# To do
Using the data below, print exactly the line with "Das Schiff wird", the line with "格雷米奥足球俱乐部向其球迷宣", and every line between them, but none of the pictures.

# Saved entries
★ ★ ★ ★ ★ ★ ★

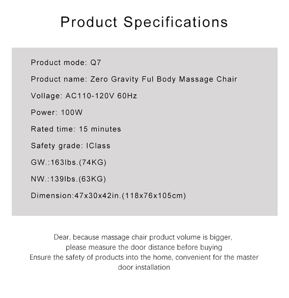 Уважаемый, поскольку объем массажного кресла больше, пожалуйста, Измерьте расстояние двери перед покупкой, чтобы обеспечить безопасность продуктов в доме, удобно для установки главной двери
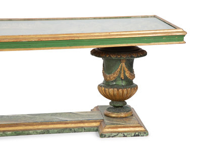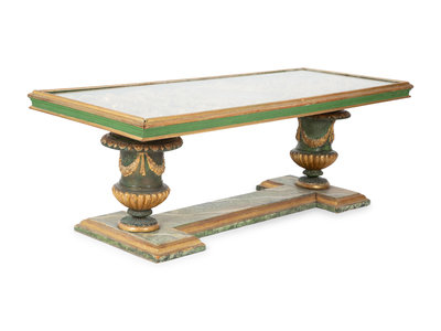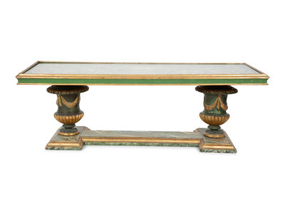 An Italian Faux Marble and Giltwood Two-Pedestal Coffee Table
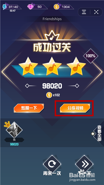 录制完游戏后可看到【分享视频】选项,点击该选项。
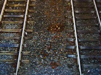Keywords: track bed gleise seemed railroad track gravel railway rail traffic pebble bed stones wooden sleepers miniature effect tilt shift
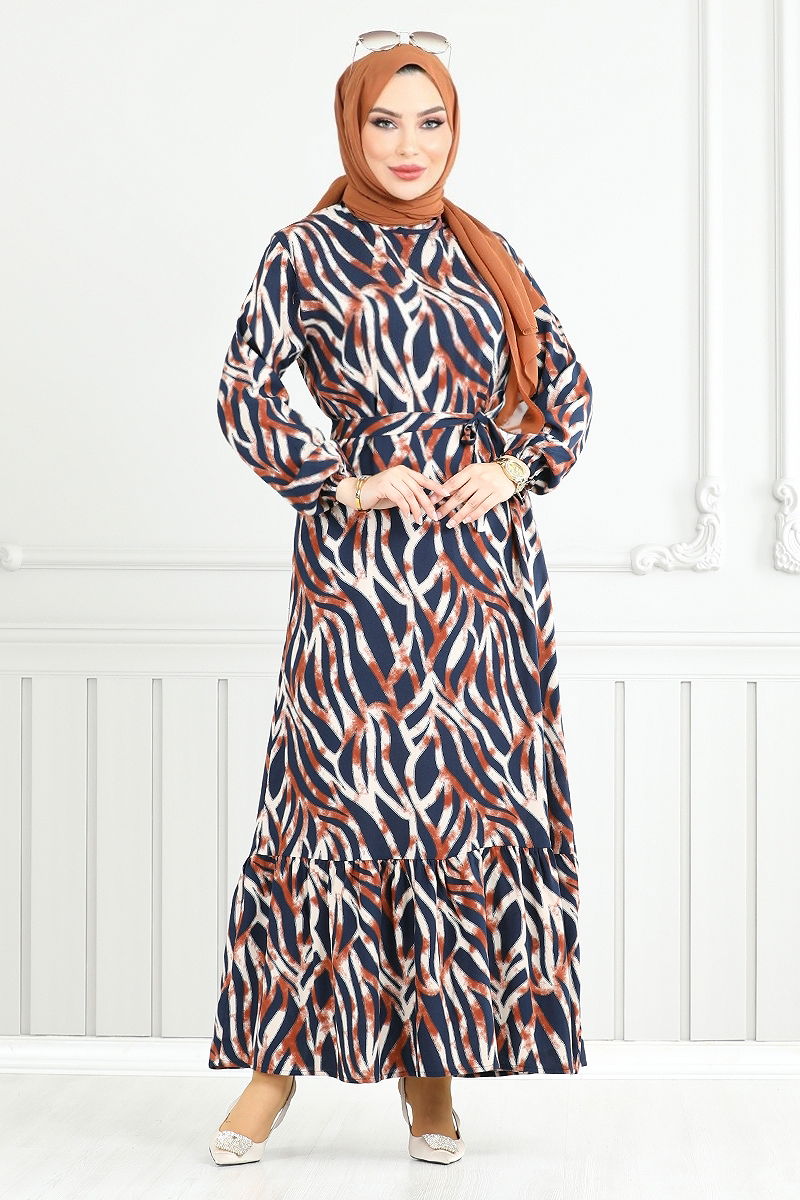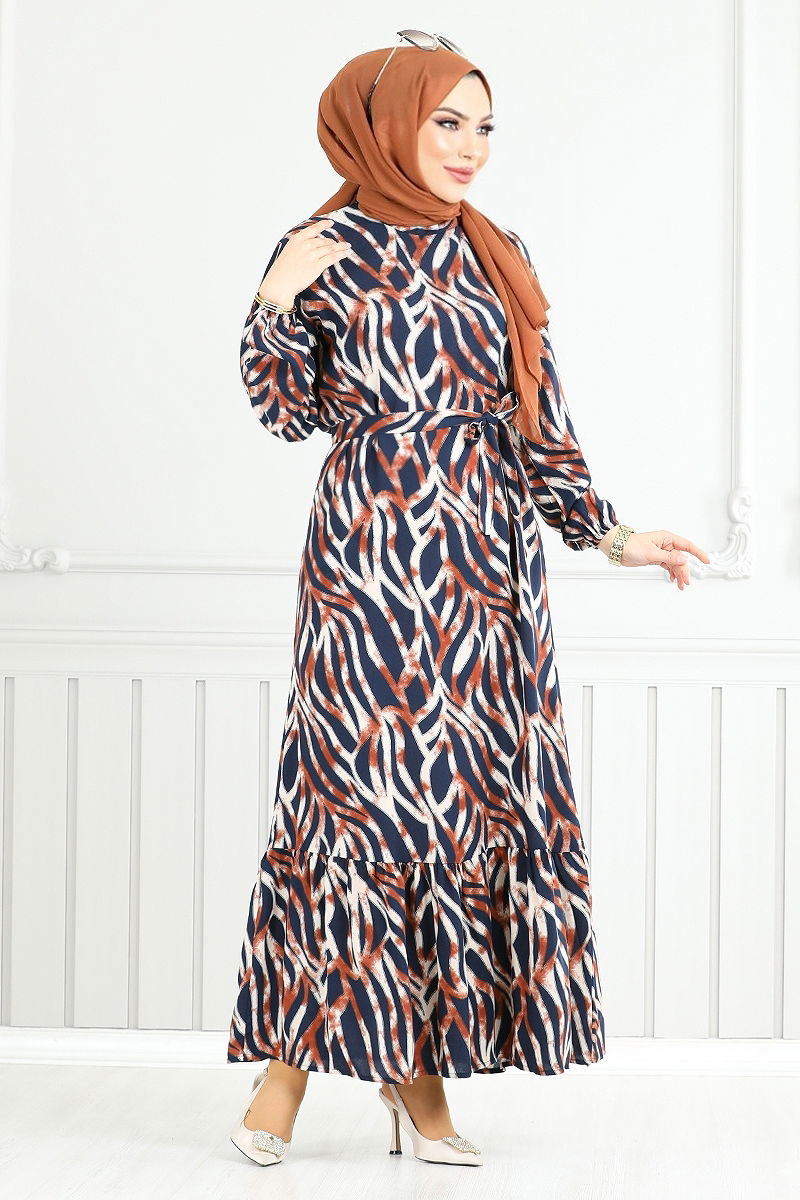 Dalga Desenli Viskon Elbise 825OZR1047-M Taba
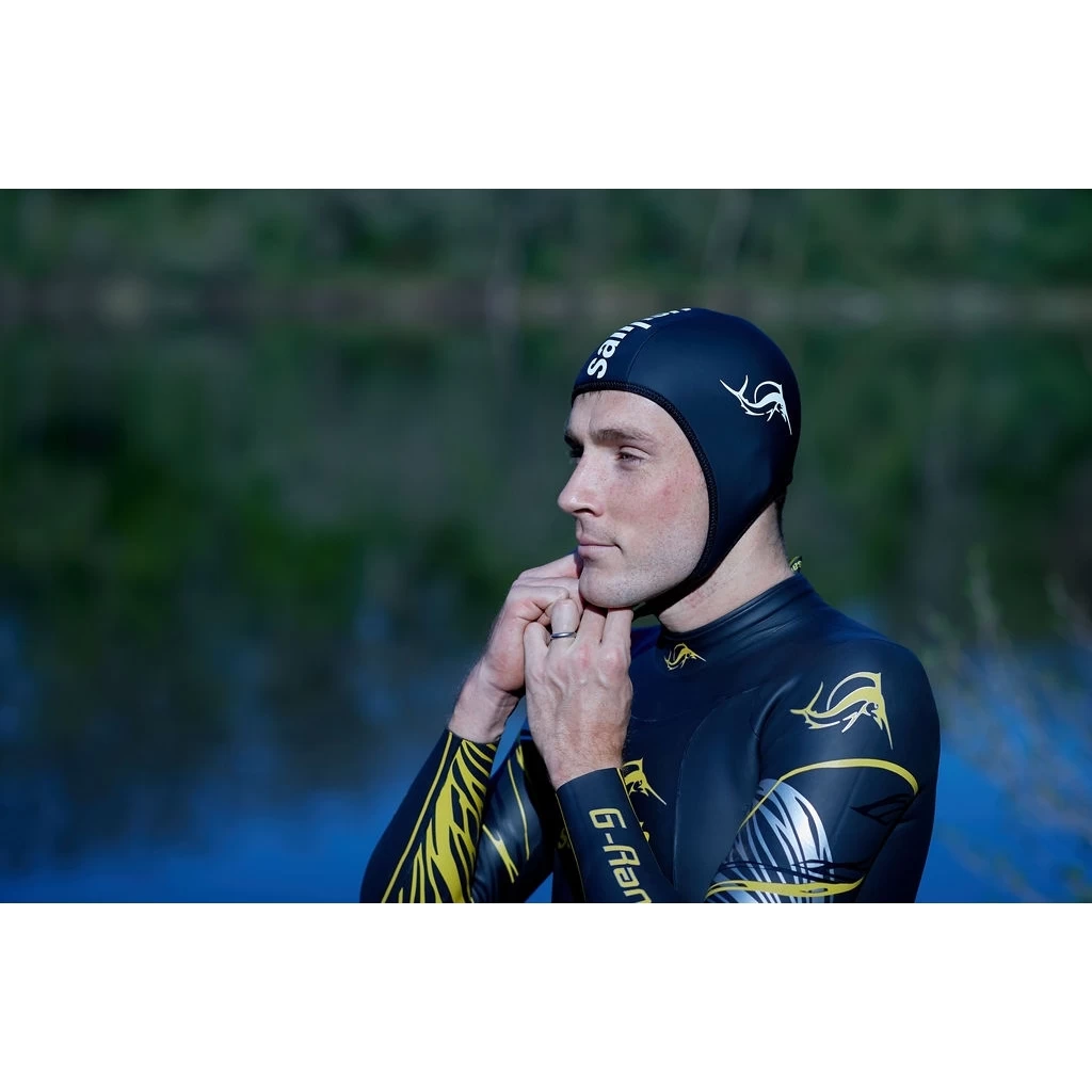 Ergonomic and adjustable neoprene bathing cap made of 2 mm thick very Smooth Skin neoprene for thermal protection in low water temperatures.
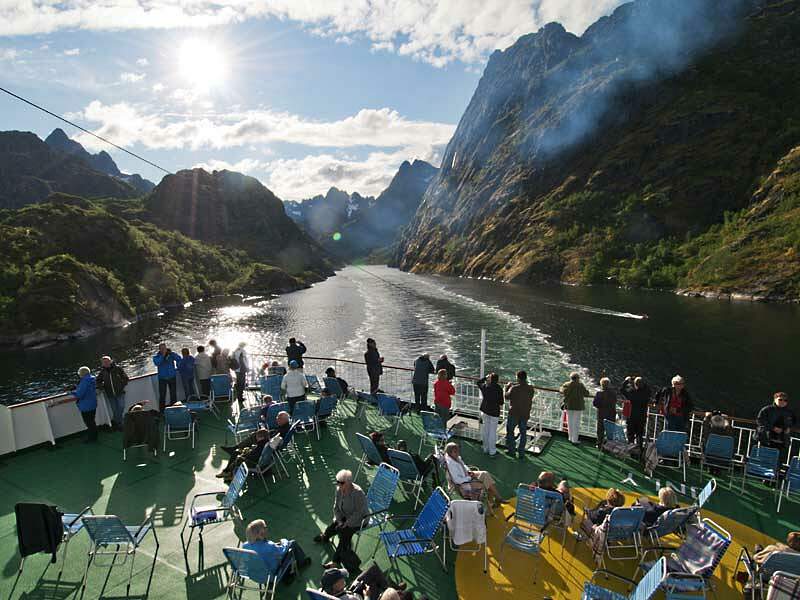Das Schiff wird im Laufe des Morgens offiziell den nördlichen Polarkreis überqueren. Sie fahren den Vestfjord entlang und erreichen am Nachmittag Svolvær auf den Lofoten.
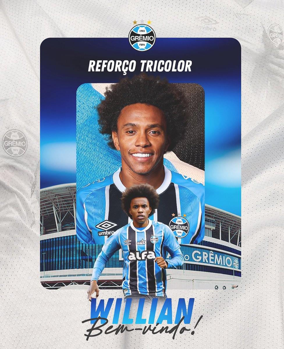 格雷米奥足球俱乐部向其球迷宣布,已与威廉达成协议,以加强球队实力。他已抵达阿雷格里港,完成了体检,并签署了合同,旨在参加2025年巴西锦标赛和2026赛季的比赛。
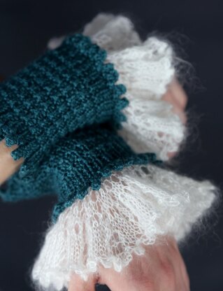 These frilly wristlets and cowl are over-the-top feminine. The lace mohair ruffle cuffs add a dainty and luxurious touch. The cowl can be worn with the ruffle facing up or down, depending on your desired look. I used vintage buttons that blend in with the green yarn, but contrasting buttons could be used for even more of a statement. Picot cast ons and bind offs galore are present, giving you lots of opportunity to practice the techniques.
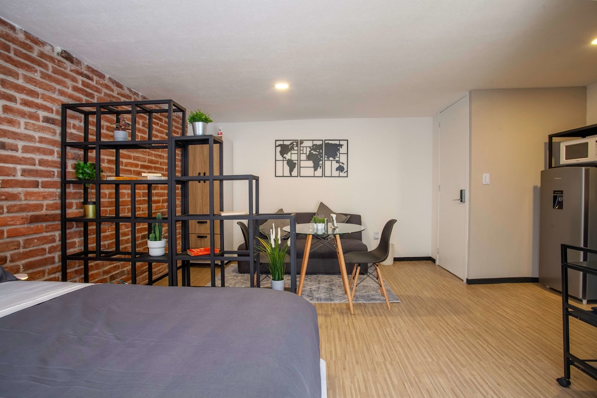 Üdvözlünk ebben a szeretettel előkészített helyen, ahol szívélyes élményben lehet részed Mexikóvárosban. Ez a stúdió, bár kicsi, rendkívül otthonos, tökéletes arra, hogy emlékezetes pillanatokat ossz meg a partnereddel vagy a barátaiddal, ötvözve a kényelmet és a verhetetlen elhelyezkedést. A stúdiót úgy alakítottuk ki, hogy otthon érezd magad, miközben felfedezel mindent, amit Mexikóváros kínál. Élj át egy felejthetetlen élményt egy neked tervezett helyen.
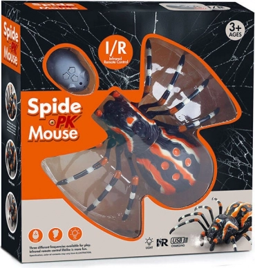 De infraroodafstandsbediening met twee knoppen zorgt voor intuïtieve bediening: met één knop rij je vooruit en met de andere maak je een 360°-draai. Het model is ideaal voor thuisplezier, kleine grapjes en als veilige “vervanger van een terrarium” voor kinderen die van spinnen houden.

★ ★ ★ ★ ★ ★ ★

# Exercise result
Das Schiff wird im Laufe des Morgens offiziell den nördlichen Polarkreis überqueren. Sie fahren den Vestfjord entlang und erreichen am Nachmittag Svolvær auf den Lofoten.
 格雷米奥足球俱乐部向其球迷宣布,已与威廉达成协议,以加强球队实力。他已抵达阿雷格里港,完成了体检,并签署了合同,旨在参加2025年巴西锦标赛和2026赛季的比赛。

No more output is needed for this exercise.